BOGOR Head of the National Nutrition Agency (BGN), Dadan Hindayana, stated that the impact of mass poisoning experienced by a number of students in Bogor City was relatively slow when compared to similar incidents in other areas. This is an evaluation material to increase the standard operating of food supply in schools.
"In general, we need to improve standard operating procedures, starting from the selection of raw materials, the duration of cooking, to the distribution of food so that it is not too far from the SPPG location," Dadan said in his statement, Monday, May 12.
However, according to Dadan, the Nutrition Food Supply Unit (SPPG) involved in this incident is one of the pilot projects managed by a professional cook with the experience of serving food to school children.
"The existing facilities are actually in accordance with BGN standards. The buildings are good, hygienic, and clean," he said.

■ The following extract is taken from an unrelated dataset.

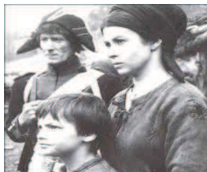
" Jacquou le Croquant " réalisé en 1969 par Stello Lorenzi d'après l'œuvre d'E. Le Roy.

In the future, BGN will strengthen supervision through increased organolastic tests, namely the food quality assessment method involving Pancaindra. In addition, routine refreshes will be carried out every three months at each SPPG and periodic training related to the quality of food and selection of raw materials.
"We are also working with BPOM, the Health Service, and professionals in the field of boga management. We will encourage these steps to make SPPG more vigilant," said Dadan.
Meanwhile, Bogor Mayor Dedie A Rachim stated that the Bogor City Government had established an Extraordinary Incident (KLB) status for this incident. The determination of the KLB aims to accelerate the handling of victims, prevent the spread of cases, and trace the source of the cause of poisoning.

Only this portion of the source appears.